Full code of our basic echo server is available here.

As before you can run in for example from the sbt console just by typing

> runMain catsEffectTutorial.EchoServerV1_Simple

That will start the server on default port 5432, you can also set any other port by passing it as argument. To test the server is properly running, you can connect to it using telnet. Here we connect, send hi, and the server replies with the same text. Finally we send an empty line to close the connection:

$ telnet localhost 5432
Trying 127.0.0.1...
Connected to localhost.
Escape character is '^]'.
hi
hi

Connection closed by foreign host.

You can connect several telnet sessions at the same time to verify that indeed our server can attend all of them simultaneously. Several… but not many, more about that in Fibers are not threads! section.

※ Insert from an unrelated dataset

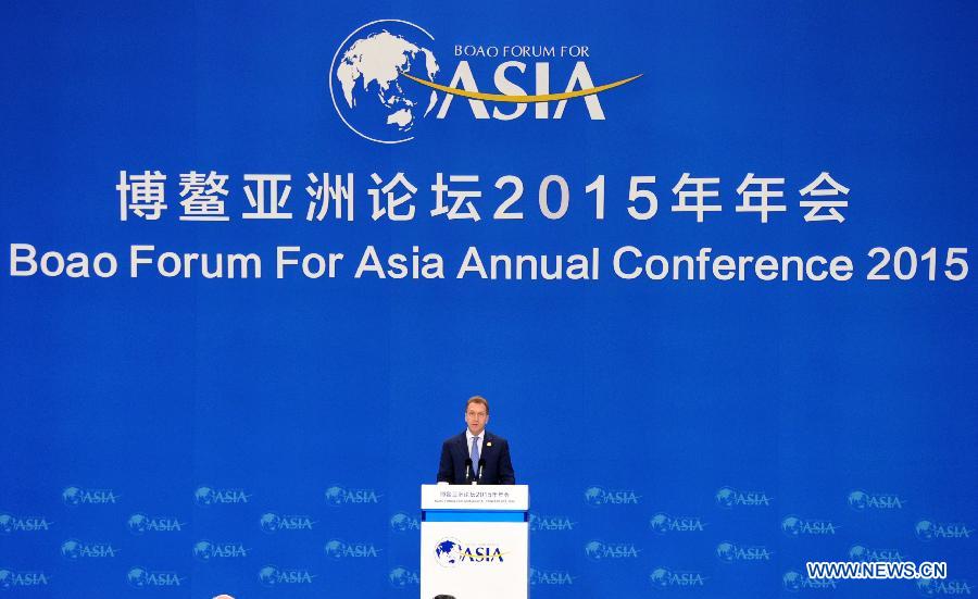 Russian First Deputy Prime Minister Igor Shuvalov addresses the opening ceremony of the 2015 annual conference of the Boao Forum for Asia (BFA) in Boao, south China's Hainan Province, March 28, 2015. Shuvalov said Saturday Russia decided to join the Asian Infrastructure Investment Bank (AIIB). (Xinhua/Zhao Yingquan) |

Unfortunately this server is a bit too simplistic. For example, how can we stop it? Well, that is something we have not addressed yet and it is when things can get a bit more complicated. We will deal with proper server halting in the next section.

Graceful server stop (handling exit events)

There is no way to shutdown gracefully the echo server coded in the previous section. Sure we can always Ctrl-c it, but proper servers should provide better mechanisms to stop them. In this section we use some other cats-effect types to deal with this.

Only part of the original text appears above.